··· INFORMATION SUPPLIED ···

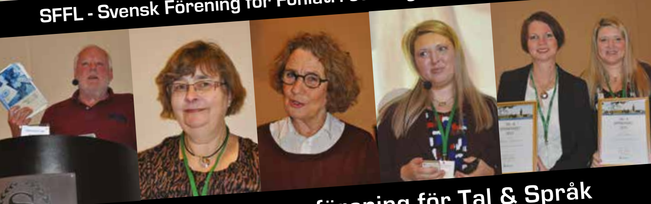
SITS - Svensk Intresseförening för Tal & Språk
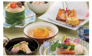
城山ガーデンズ 水簾
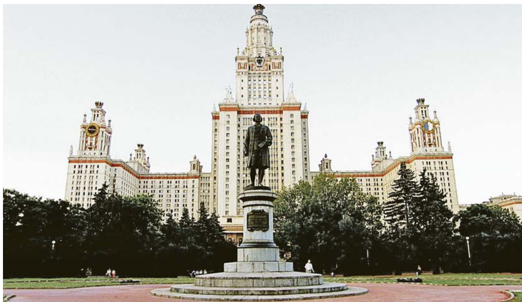
Поступить на бюджет в МГУ можно. Но сложно.

А через год запланировано и стотысячное сокращение бюджетных мест в вузах. В Минобрнауки определили, что в 2017-ом на бюджет смогут попасть 575 тысяч абитуриентов (ежегодно в стране выпускается около 700 тыс. одиннадцатиклассников). Но эти 575 тысяч мест поделат между бакалавриатом, специалитетом, магистратурой, аспирантурой, ординатурой, очным и заочным отделениями. В настоящий же момент на каждые 100 выпускников школ в вузах открыто 56 мест. То есть шансы поступить имеет почти каждый второй. Вообще за 2,5 года сеть
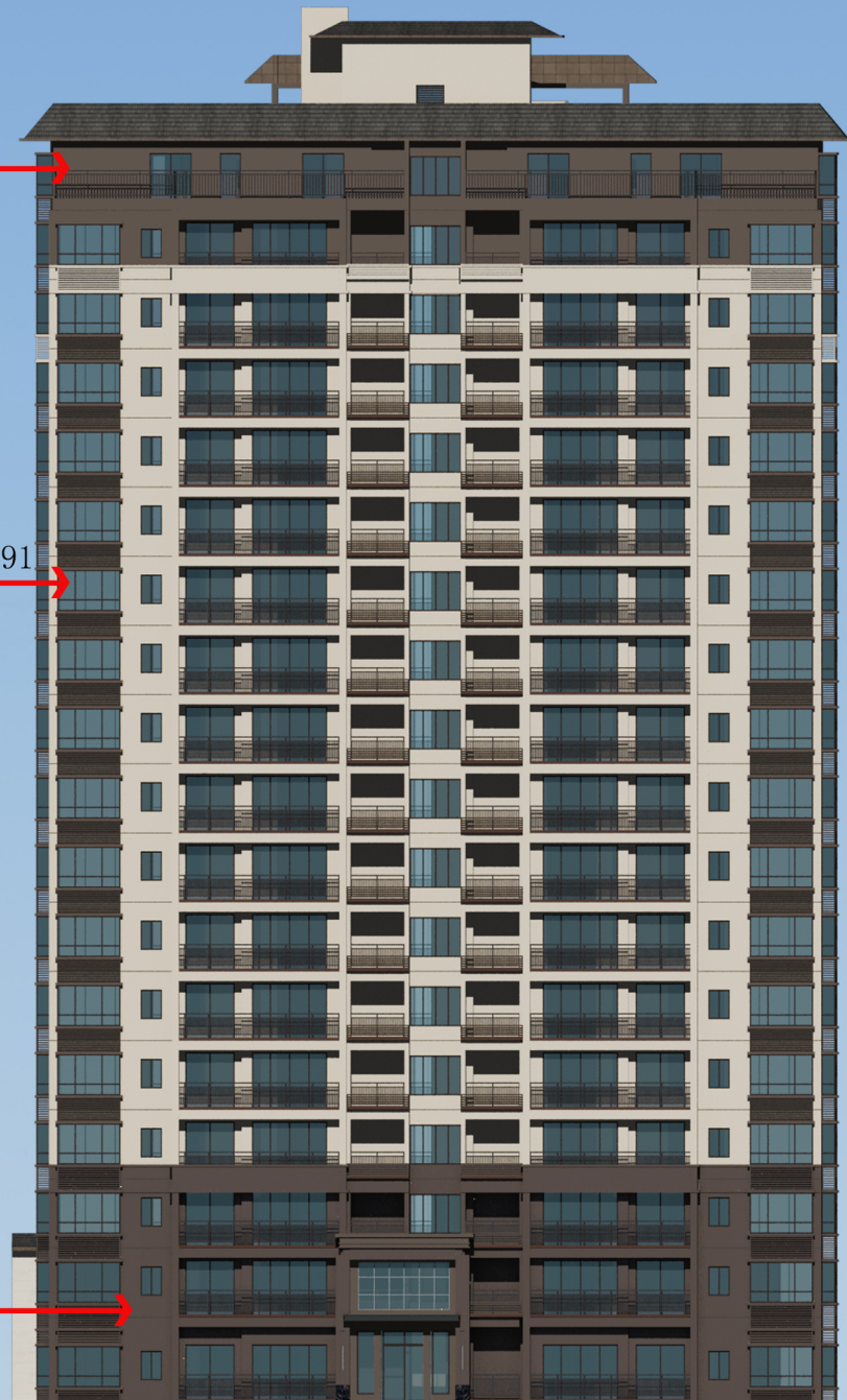
调整后塔楼立面颜色

广西华信工程 设计股份有限公司 Guangxi HuaXin Engineering Design Co.,Ltd. 工程勘察证书：甲级 B145005460 工程设计证书：甲级 A145005460 市政园林证书：乙级 A245005467

···

WHAT YOU WILL DO
If a line in the material above contains the word "бюджет", copy it.

EXERCISE ANSWER
Поступить на бюджет в МГУ можно. Но сложно.
А через год запланировано и стотысячное сокращение бюджетных мест в вузах. В Минобрнауки определили, что в 2017-ом на бюджет смогут попасть 575 тысяч абитуриентов (ежегодно в стране выпускается около 700 тыс. одиннадцатиклассников). Но эти 575 тысяч мест поделат между бакалавриатом, специалитетом, магистратурой, аспирантурой, ординатурой, очным и заочным отделениями. В настоящий же момент на каждые 100 выпускников школ в вузах открыто 56 мест. То есть шансы поступить имеет почти каждый второй. Вообще за 2,5 года сеть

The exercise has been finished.